Published on September 29th, 2013 | by Josh Doyle
0Sugata Mitra: Schools in the Cloud
Au went to the British Science Festival 2013, in Newcastle. This is part of a series of posts on the delightful things we learned. For more details of what went down check out our twitter feed @ausciencemag.
In 1999, in New Delhi, a computer scientist installed a computer in a wall three feet from the ground in a slum. Seven years later, he was given a grant to travel to Newcastle University to look at improving the quality of education in rural areas; “and in the winter of 2006, [Sugata Mitra] purchased an overcoat.”
What Mitra would eventually discover with his “hole in the wall” experiment, was that “groups of children, given nine months of unsupervised access to the internet, could reach the same level of competency as the average secretary in the West.”
Mitra spoke of a problem bemoaned by educators the world over, that we have in schools to day, a lot of teaching, and not a lot of learning. Mitra’s solution: to reevaluate the role of the teacher.
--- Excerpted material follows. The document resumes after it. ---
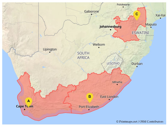 Figure 1. Citrus-producing regions across South Africa where T. leucotreta larvae were collected: (A) Stellenbosch in Western Cape, (B) Addo in Eastern Cape and (C) Nelspruit in Mpumalanga.
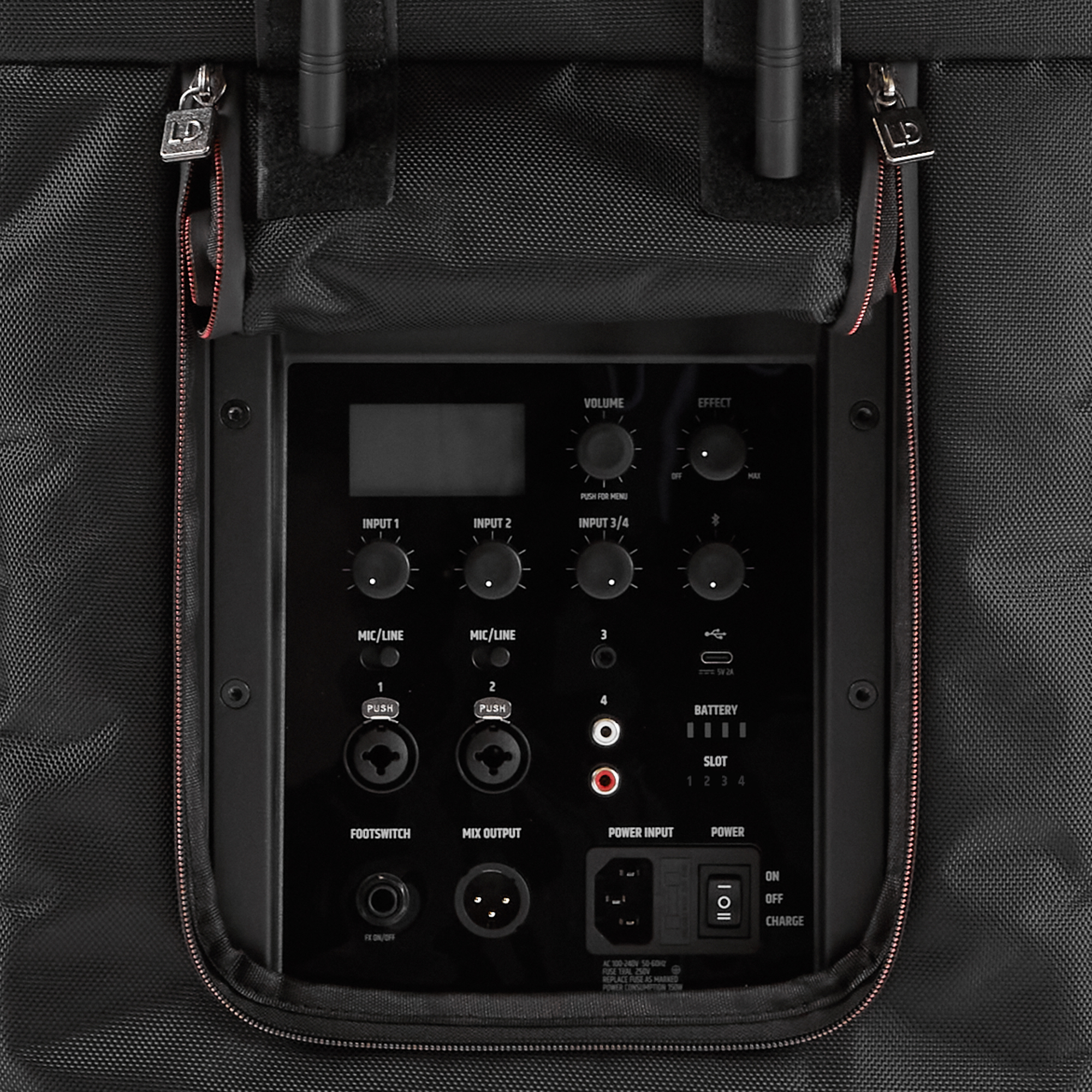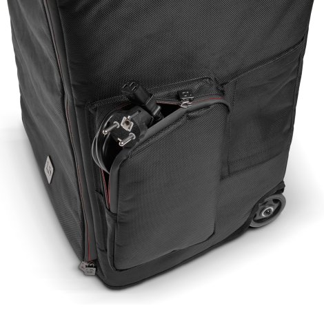 A huzat oldalain található két külső zseb bőséges helyet kínál a tartozékok, például a hálózati és XLR kábelek tárolására.

Once, in a time before books, knowledge was kept in people’s heads; the role if the teacher, was that of a sage. To share their knowledge. As technology increased, and as the knowledge was written into books. As books became more freely available—and with the invention of the printing press—as the books spread through the world, and through the schools, the teacher’s role changed. No longer needed as a sage, the teacher became a guide. Books may be magnificent and contain all the knowledge of mankind; what they do not do says Mitra, is look to one-another. The teacher then, is needed to guide the student; to tell him what to read next.
This, argues Mitra, is the model we hold today. Knowledge, however, is no longer kept in books. Knowledge, today exists on the internet, on webpages moreover which ling together; where one piece of information can link relatively seamlessly to the next. It is time, says Mitra, for the teacher’s role to change once more.
As the sage became surplus to requirements with the invention of the book, no longer is the guide needed, with the ever interlinked internet. Children today need a friend; a friend to encourage and support their learning.
In another experiment, Mitra installed a hole in the wall in a Tamil speaking town in rural India, and asked the children to learn the biotechnology of DNA replication. He tested the children at the beginning of the experiment, they scored a statistical 0%. No surprise there. Two months later, he tested the children again:
“What can you tell me?”
“We don’t know anything. We can tell you that improper reproduction of a DNA strand leads to a genetic mutation. But apart from that, we don’t know anything.”
In two months, the students had gone from 0% to 30%, on the English biotechnology test, with no books, and no teacher. While still academically a fail, this was remarkable. Mitra employed a “teacher”.
“What do you know about biology?”
“Nothing.”
“Perfect.”
Mitra asked the friend—the teacher—to employ only “the techniques of grandmothers”; it was not important to teach, only to encourage.
“Oh very good.” “That’s very clever! How did you do that?” “I couldn’t have done that when I was your age.”
Three months later, the students were scoring 50%. Since this experiment, and following an article in The Guardian, Mitra has compiled the “Granny Cloud”, a group of retired, English grandmothers, who can be “Skyped” in to remote communities, where perhaps there are no teachers; no “friends” for the students.
Mitra’s principals are simple:
- Four, or five, students per computer. This forces the students to communicate, which is important.
- Groups are key. Groups have the remarkable ability to self-correct, to self-regulate.Testing a group of English students, Mitra asked:”What is the Indian Raj, and why is it bad?”The Indian Raj is the Indian takeaway in South Shields. We’re looking at the menu now, we’ll let you know why it’s bad.” A boy—a boy’s job, says Mitra, is solely to irritate and annoy little girls—marched up to the girls:”No you idiots, the Indian Raj was a historical event, not a takeaway!”
- Teachers should have minimal input. This method of learning is incredibly fragile, it can be easily scared away.
Principals and methods of learning aside, the philosophy, the purpose is one which cannot be disputed. The world has changed. The way in which knowledge is stored and used has changed. The way we work, and the way we solve problems have changed. Education has not. “We are preparing our children for a world which is not there anymore.”
Earlier this year Mitra won the TED prize, an award given to an extraordinary individual with “a creative and bold vision to spark global change.” Mitra has just such a vision, intending to use the $1 million for education centres around the world.